Они тотчас переломились, когда я начал
вытаскивать их из деревянной рамы. До
Плимута остается 2164 мили. Стыдно, что
расхвастался по поводу большого
восьмидневного перехода. Любой старый
моряк подтвердит, что Нептун не даст так
легко и безнаказанно сыграть с ним подобную
шутку. В самом деле, результат за последние
четверо суток только 310,5 мили, и вдобавок
еще не в том направлении, куда нужно. Почти
все время мертвый штиль, и конца ему не
видно!”
Одиннадцатого мая погода не
изменилась. На утренней заре океан походил
на лоснящуюся, жирную шкуру гигантского
чудовища, под которой таилась и
пульсировала жизнь. Позже увидел ветровую
рябь на воде, и “Джипси мот” некоторое
время шла со скоростью 5 узлов. Но ветер
точно издевался надо мной. Я сделал поворот
оверштаг и пошел на восток, а он гнался за
мной по кругу, пока яхта не повернула носом
на юг. Снова сделал поворот оверштаг на
север, но ветер отошел и отклонил яхту на
северо-запад.
Рука продолжала сильно болеть. Я
не люблю принимать лекарства, но этой ночью
сдался и снова прибегнул к кодеину.
Поразительно, кодеин не только почти
немедленно снял боль в ту ночь, но и на
следующее утро мне было легче.
Поднялся поздно, так как ночью
почти каждый час вставал, чтобы поправить
паруса, но тут же взялся еще за одну очень
важную работу по наладке автопилота:
поставил новые вкладыши в больший, из двух
подшипников продольного горизонтального
вала. Чтобы это сделать, нужно было
разобрать все рулевое устройство и, что
труднее всего, снять рулевое весло. Мои
австралийские друзья, которые его
ремонтировали, подогнали все втугую. Кроме
того, деревянные части разбухли, и я никак
не мог вытащить весло, пока не снял долотом
слой дерева. Работать на весу за кормой было
нелегко, приходилось действовать на ощупь.
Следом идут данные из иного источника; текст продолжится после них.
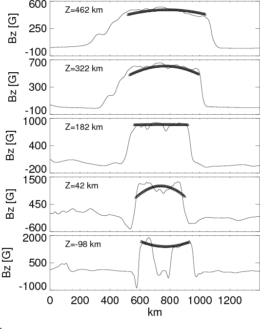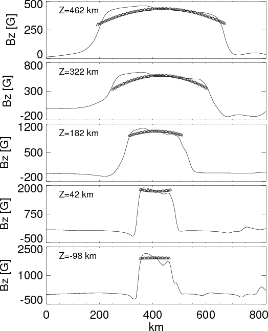 Figure 8: Vertical component of the magnetic field of a thick flux tube in the MHD snapshot (solid lines) along the black line in the lower right corner of Fig. 3. The triangles represent Bz resulting from the thin flux tube model. The 5 plots correspond to the same heights as in Fig. 6 |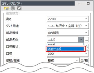 [コマンドプロパティ]の[部品名称]から継手を選択します。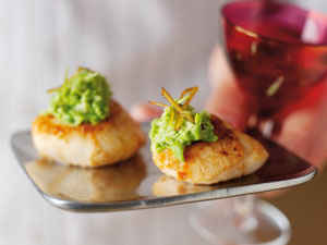 Serve the scallops topped with the minted pea and garnished with the shredded spring onion.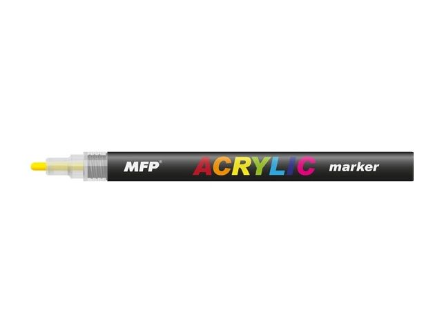 Akrylový žlutý popisovač. Tyto akrylové popisovače se vyznačují svou barevnou sytostí i stálostí, a velmi dobrými krycími schopnostmi. Jsou vhodné na všechny nemastné a hladké povrchy, jako jsou plátna, papír, dřevo, kámen atd. Návod k použití: Před použitím protřepte Stisknete hrot dolů, dokud nevyteče barva Nemačkejte hrot během psaní Skladujte hrotem nahoru Hrot: 4 mm Délka: 150 mm Průměr: 15 mm Uvedená cena je za 1 ks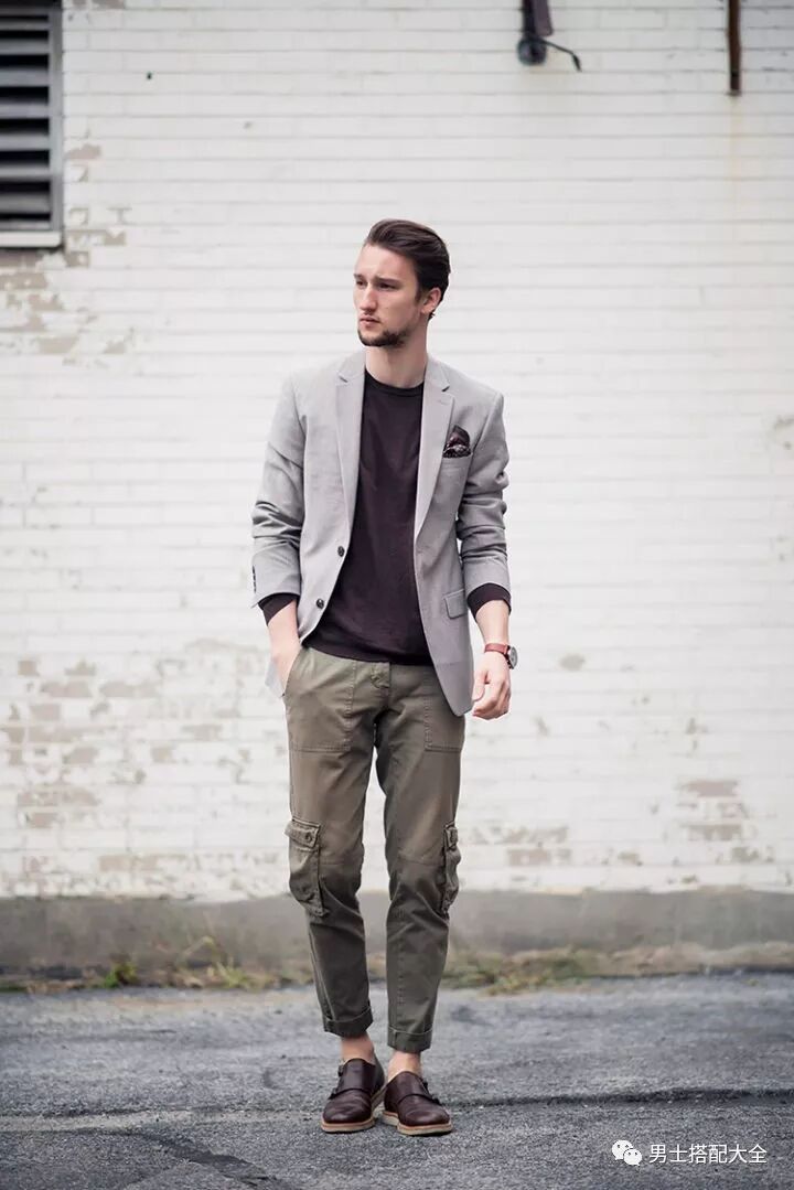 西裝外套+T恤打底,再搭配一條牛仔褲或者休閒褲,是一點不正統。在鞋子上選擇搭配運動鞋或者樂福、孟克,都是極其休閒的。這樣的穿著出門,無論是約會還是工作,都不會突兀。
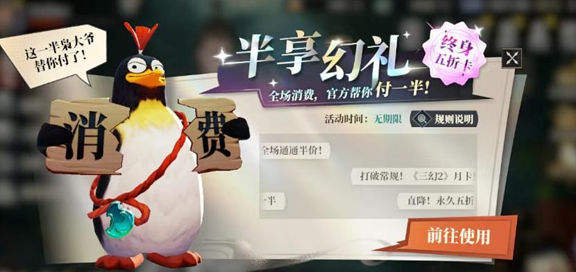 具體來說,《三幻2》拿出了超大比例的減氪方案。它並非電商先抬高價格再打折的套路,常見的648只需要328塊就能拿到,還有首充雙倍,並且遊戲內所有的“氪金消費”項目包括月卡、禮包等等都是如此,真“三幻2爲你買單”。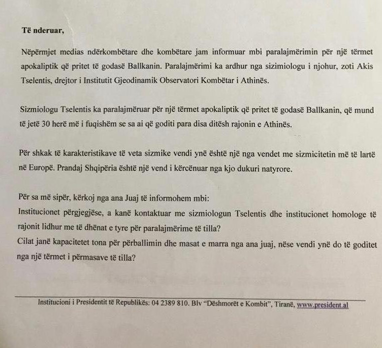 Presidenti Ilir Meta gjatë verës kishte paralajmëruar tërmet të fuqishêm, duke e konsideruar si apokaliptik. Në një letër me të cilën u ishte drejtuar i shqetësuar kryeministrit Edi Rama, ministrit të Brendshëm, Sandër Lleshaj dhe ministres së Mbrojtjes, Olta Xhaçka, kreu i shtetit thotë se sipas një sizmiologu të vjetër grek, Ballkani do të goditet nga tërmet i fuqishëm apokaliptik.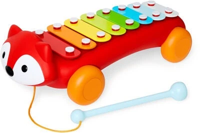 Explore&More Xylofon Fuchs von Skip Hop ist ein unterhaltsames Instrument und Nachziehspielzeug in einem! Der süße Fuchs inspiriert dazu, Musik mit den acht bunten Tönen zu machen, was die Feinmotorik und musikalische Entwicklung Deines Kindes fördert. Der Schlägel hängt fest an einer Schnur, sodass er immer in der Nähe ist. Das Xylofon besitzt Räder und kann nach dem Musizieren als Ziehspielzeug verwendet werden. Ein unterhaltsames und förderndes Spielzeug für die Kleinsten!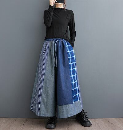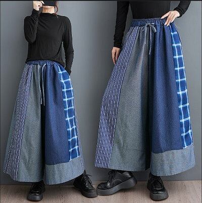 15日間のみ ロングパンツ デニムパンツ ワイドパンツ チェック柄 ボーダー柄 シンプル カジュアル お出かけ レディース【大きいサイズ レディース 春夏 下着 ボトムス ストレート スキニー ショ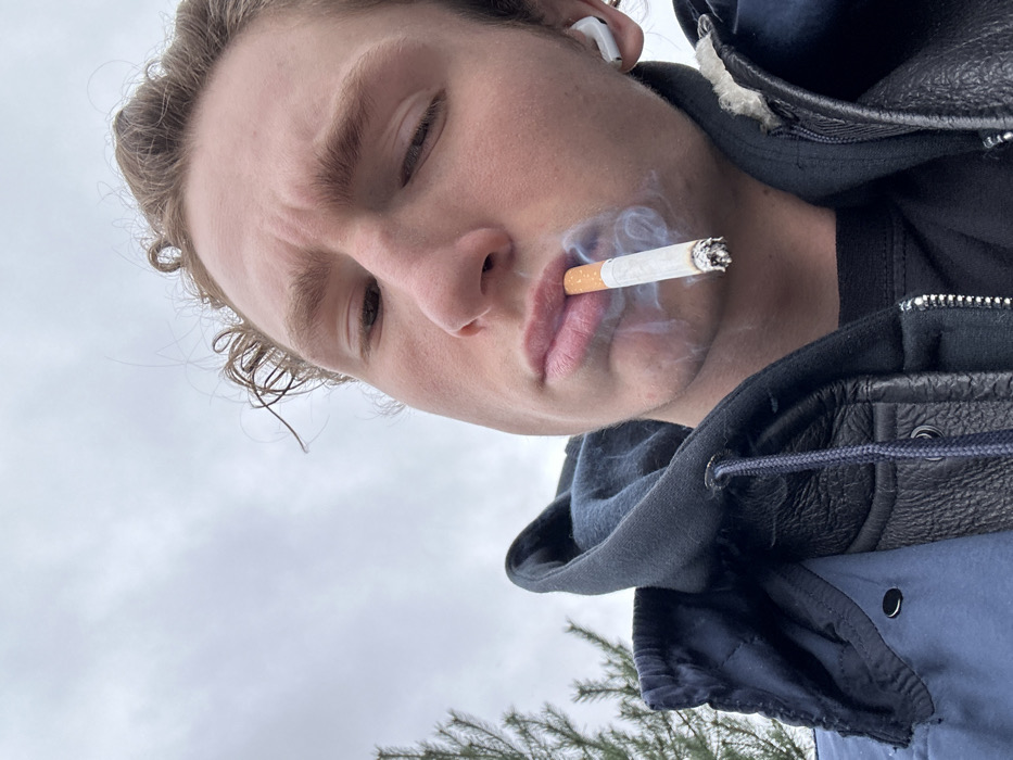 The scene depicts a close-up, low-angle selfie of a young adult male outdoors, stated to be in Clichy, France, under an overcast sky. The subject, positioned centrally, has light skin, curly light brown hair, and a visible five o'clock shadow. He looks directly towards the camera with a slightly furrowed brow, creating a concerned or intense expression. A lit cigarette is held between his parted lips, with smoke visibly exhaling or rising from the burning end. A white wireless earbud is present in his right ear. He is dressed in layered dark clothing, including a dark hooded sweatshirt under a dark, possibly leather, jacket with a visible textured collar lining on the right. Over his left shoulder, a portion of a blue padded jacket is visible. To the far left in the background, green foliage from a coniferous tree is partially visible against a uniformly grey, cloudy sky.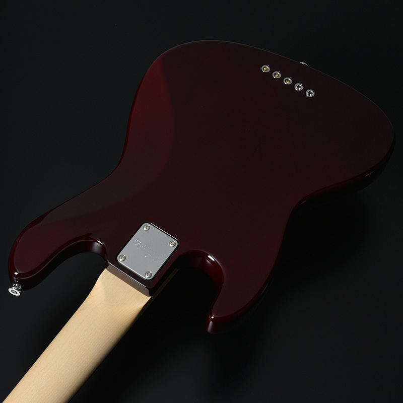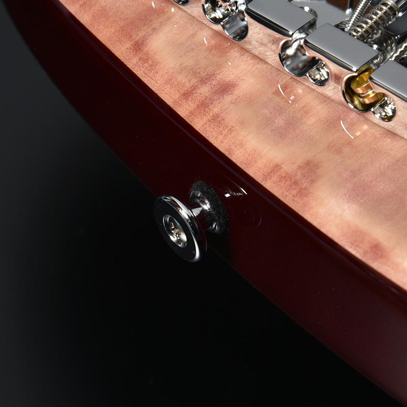 “Red Collection”に合わせて製作された本機のカラーリングは、Vintage Wine Redと名付けられました。文字通り年代物のビンテージワインを思わせる、くすみを帯びた味わい深い赤を表現しています。マッチングカラーのアクリルピックガードとの組合せにより、ギター全体を通して美しい赤の表現を目指しました。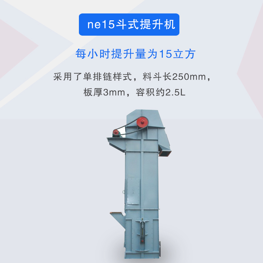 ne15斗式提升机料斗长250mm,板厚3mm,容积约2.5L,每小时提升量为15立方,ne15斗式提升机采用板式链条,耐磨性强,适合垂直提升粉状及块状物料.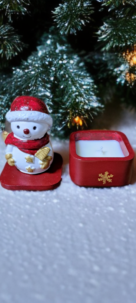 Két részes hóemberes díszdoboz illatos gyertyával – a karácsony legédesebb téli kincse.

В конце концов я с этим справился, и дальше
все пошло как по маслу. Но, боже мой, каких
трудов стоило поднимать все эти тяжеленные
вещи! К счастью, стоял полный штиль, и это
было мне на руку. Перебрал все остальные
части рулевого устройства и рассчитывал
теперь на хорошие результаты.
Ночью записал в журнал!
“Робкий месяц снова лежит на
спине под Венерой, что-то с ним не ладится 1.
Волшебная ночь. Полярная звезда с каждой
ночью поднимается все выше и выше по небосклону. С
музыкой, да еще с недопитой бутылкой
баккарди в придачу эти часы можно отнести к
самым приятным за мое плавание”.
Руке становилось все хуже. К 14 мая
опухоль на локте покраснела и стала
блестящей, как огромный чирей или ожог: она
достигла 3 дюймов в длину, 1,5 дюйма в ширину и
была твердой, как кость. Дважды прикладывал
арнику, но раздражение только усиливалось.
Все же эту ночь провел без болеутоляющих
средств. Становилось легче, когда
подвешивал руку к борту койки. В полдень
теплоход “Миссури” (порт приписки Нью-Йорк)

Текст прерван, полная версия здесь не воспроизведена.